▸ Work required:
Return, word for word, every line starting at the line with "Blick vom Damm" and ending at the final line of the entries; skip the pictures.

[[ Records open ]]

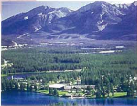
ジャスパー国立公園
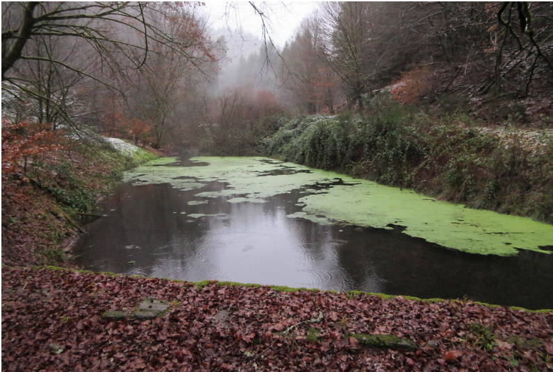
Blick vom Damm auf den Kunzenthaler Woog am Modenbach
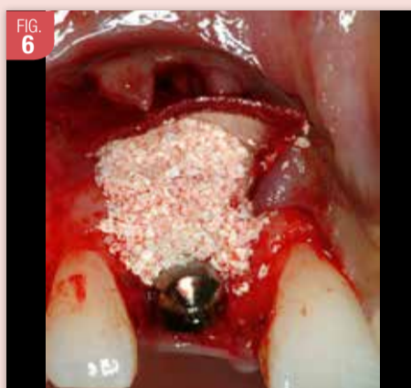
La membrane ainsi fixée est ensuite réclinée, et les défauts osseux sont comblés à l'aide d'un biomatériau non résorbable (Bio-Oss®, Geistlich).
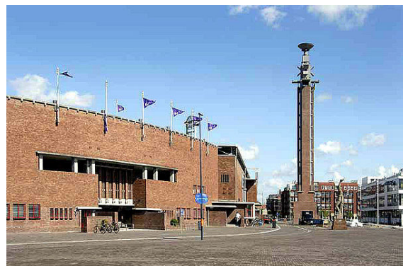
Het Olympisch Stadion

Amsterdam telt een aantal grote sportclubs. Het bekendst is de voetbalclub AFC Ajax, die onder meer 33 landstitels en vier Europa Cups 1 op haar naam heeft staan. De thuishaven van de Eredivisieclub is de Amsterdam ArenA, dat in 1996 het stadion De Meer verving en met een capaciteit van ruim 50.000 het grootste stadion van Nederland is. Onder meer het ijshockeyteam Amstel Tijgers, het honkbalteam Amsterdam Pirates, het basketbalteam BC Apollo en de hockeyteams Amsterdamsche H&BC en Pinoké komen eveneens uit op het hoogste niveau binnen hun sporttak, evenals de americanfootballteams Amsterdam Crusaders en Amsterdam Panthers. Americanfootballteam Amsterdam Admirals deed vanaf de oprichting in 1995 mee aan de NFL Europe, maar hield bij de opheffing van die competitie in 2007 op te bestaan.

[[ Records closed ]]

▸ The answer:
Blick vom Damm auf den Kunzenthaler Woog am Modenbach
La membrane ainsi fixée est ensuite réclinée, et les défauts osseux sont comblés à l'aide d'un biomatériau non résorbable (Bio-Oss®, Geistlich).
Het Olympisch Stadion

Amsterdam telt een aantal grote sportclubs. Het bekendst is de voetbalclub AFC Ajax, die onder meer 33 landstitels en vier Europa Cups 1 op haar naam heeft staan. De thuishaven van de Eredivisieclub is de Amsterdam ArenA, dat in 1996 het stadion De Meer verving en met een capaciteit van ruim 50.000 het grootste stadion van Nederland is. Onder meer het ijshockeyteam Amstel Tijgers, het honkbalteam Amsterdam Pirates, het basketbalteam BC Apollo en de hockeyteams Amsterdamsche H&BC en Pinoké komen eveneens uit op het hoogste niveau binnen hun sporttak, evenals de americanfootballteams Amsterdam Crusaders en Amsterdam Panthers. Americanfootballteam Amsterdam Admirals deed vanaf de oprichting in 1995 mee aan de NFL Europe, maar hield bij de opheffing van die competitie in 2007 op te bestaan.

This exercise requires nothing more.